Chemical kinetics deals with the speed or rate at which a chemical reaction proceeds and the factors affecting this rate. It's a crucial aspect of understanding reaction mechanisms and how different conditions influence the reaction speed. In kinetics, we frequently refer to the 'rate law,' which shows the relationship between the reaction rate and the concentration of reactants. For instance, in the disproportionation reaction provided, knowing the kinetics helps determine how rapidly \(\text{In}^{+}(aq)\) reacts to form \(\text{In}(s)\) and \(\text{In}^{3+}(aq)\).
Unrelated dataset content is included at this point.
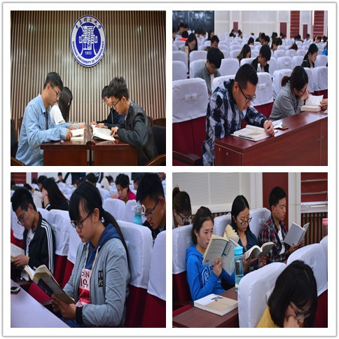 在持续6小时的活动中,嘉陵江路校区报告厅成为一片阅读海洋。同学们放下手机和手头的琐事,专注于图书的世界,完成了一次公共空间的私人阅读,完成了一次喧嚣时光的心灵沉浸。活动共分为四个部分。
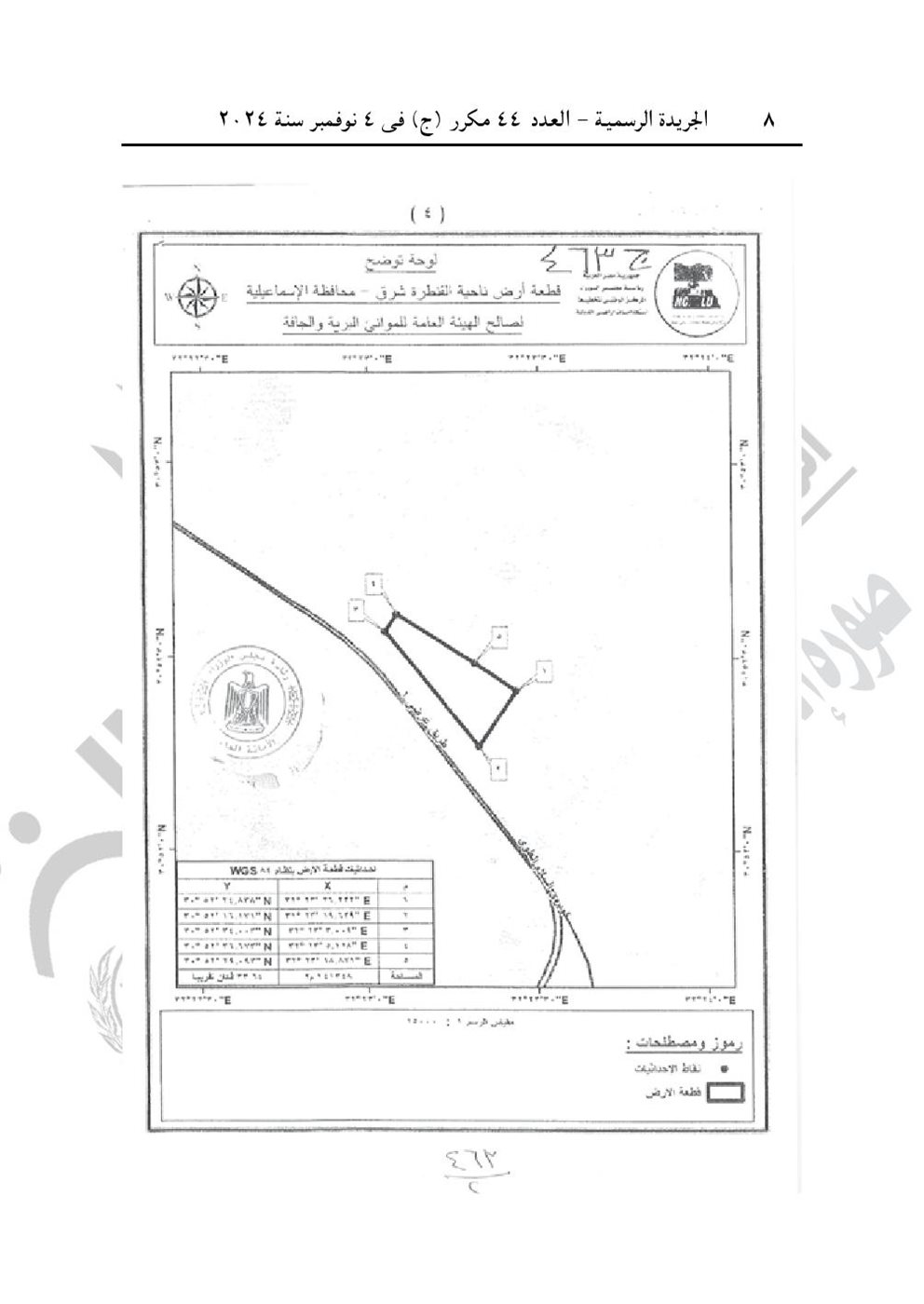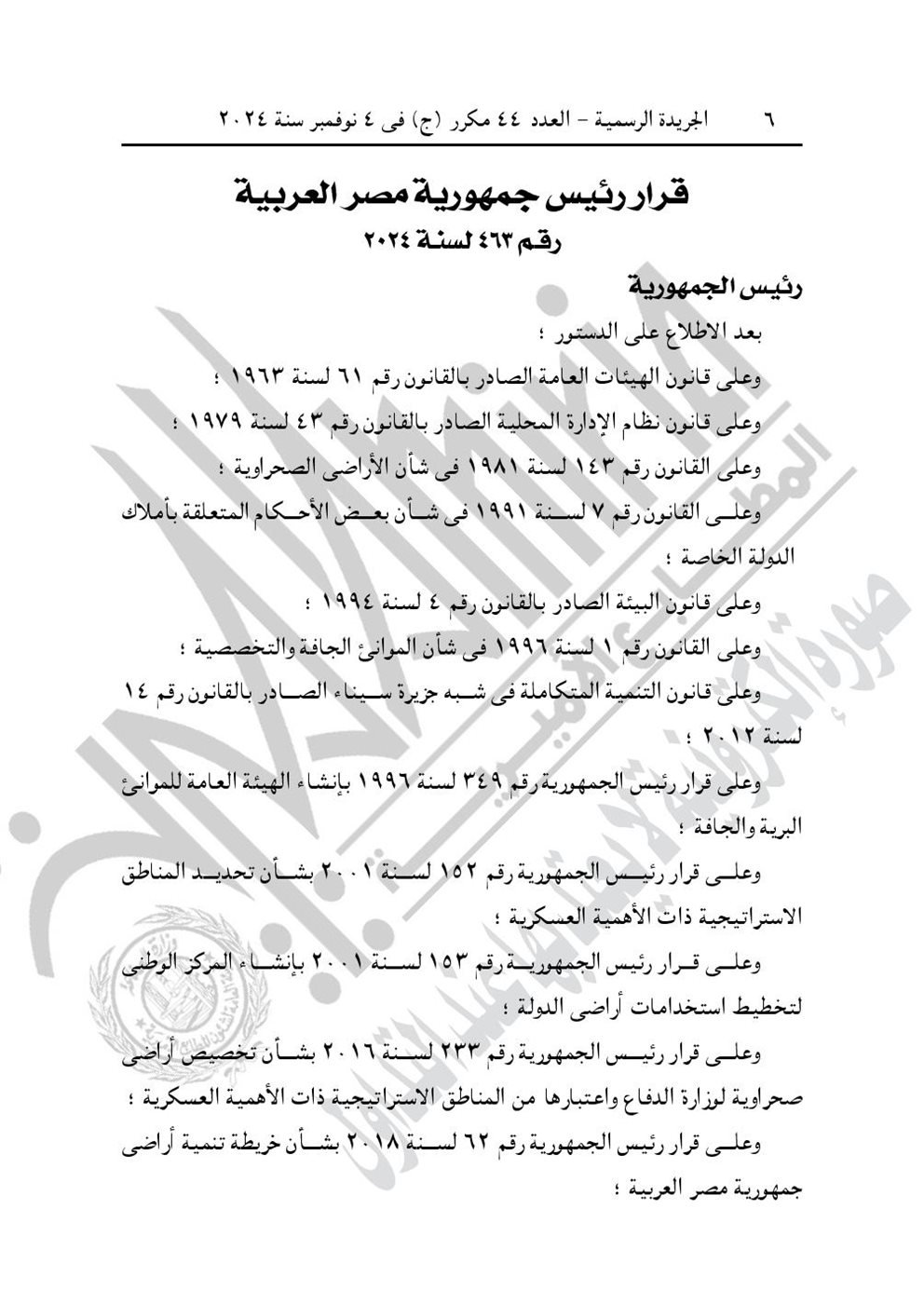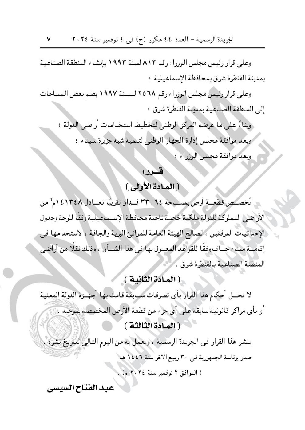 -القرار الجمهوري رقم 463 لسنة 2024، بشأن تخصيص قطعة أرض بمساحة 33٫64 فدان تقريبًا من الأراضى المملوكة للدولة ملكية خاصة ناحية محافظة الإسماعيلية، وفقا للوحة وجدول الإحداثيات المرفقين، لصالح الهيئة العامة للموانئ البرية والجافة، لاستخدامها فى إقامة ميناء جاف، وفقًا للقواعد المعمول بها فى هذا الشأن، وذلك نقلًا من أراضى المنطقة الصناعية بالقنطرة شرق.

This can enable chemists to predict how much product will form over a given time period and under specific conditions.

Half-Life Calculation

The half-life of a reaction, symbolized as \(t_{1/2}\), is the time required for the concentration of a reactant to decrease to half of its initial value. In first-order reactions, the half-life is independent of the initial concentration and can be calculated using the formula:
\(t_{1/2} = \frac{0.693}{k}\),
where \(k\) is the rate constant. This relationship underscores the significance of half-life in first-order reactions, as it remains constant regardless of the concentration, unlike in reactions of other orders. By calculating the half-life or using the given half-life, we can infer the rate constant and later use it to determine the concentration of reactants or products at any time.

Concentration Calculation

Calculating the concentration of reactants or products in a chemical reaction is a fundamental skill in chemistry. Concentration refers to the amount of a substance within a certain volume of solution and is often expressed in molarity (M), which is moles per liter. In the given disproportionation reaction, we use the initial mass of \(\text{InCl}(s)\) to determine the moles and then divide by the volume of the solution in liters to find the initial concentration of \(\text{In}^{+}(aq)\). To find the concentration after a certain time, we apply the first-order kinetic model and use the rate constant \(k\) to calculate how the concentration changes with time.

Molar Mass

Molar mass, represented by \( MM \), is the mass of one mole of a substance, usually expressed in grams per mole (g/mol). It is a critical value for converting between the mass of a substance and the number of moles. In our exercise, to find the moles of \(\text{InCl}(s)\) dissolved, we need its molar mass, which we obtain by summing the atomic masses of indium (In) and chlorine (Cl) from the periodic table. Knowing the molar mass allows us to perform stoichiometric calculations and understand the relationship between the mass of a substance and the amount in moles.

Moles and Molarity

Moles and molarity are two significant concepts in chemistry that serve as a bridge between the microscopic world of atoms and molecules and the macroscopic world we measure in the lab. A mole represents Avogadro's number of particles, which is \(6.022 \times 10^{23}\) entities, and reflects the quantity of substance. Molarity is the concentration of a solution expressed as the number of moles of solute per liter of solution (mol/L). These concepts are deeply interconnected: to know the molarity, we need the number of moles of solute, which we can calculate using the mass and molar mass of the substance. Once we have the molarity, we can readily engage in various calculations, such as determining reactant and product concentrations at different stages of a reaction.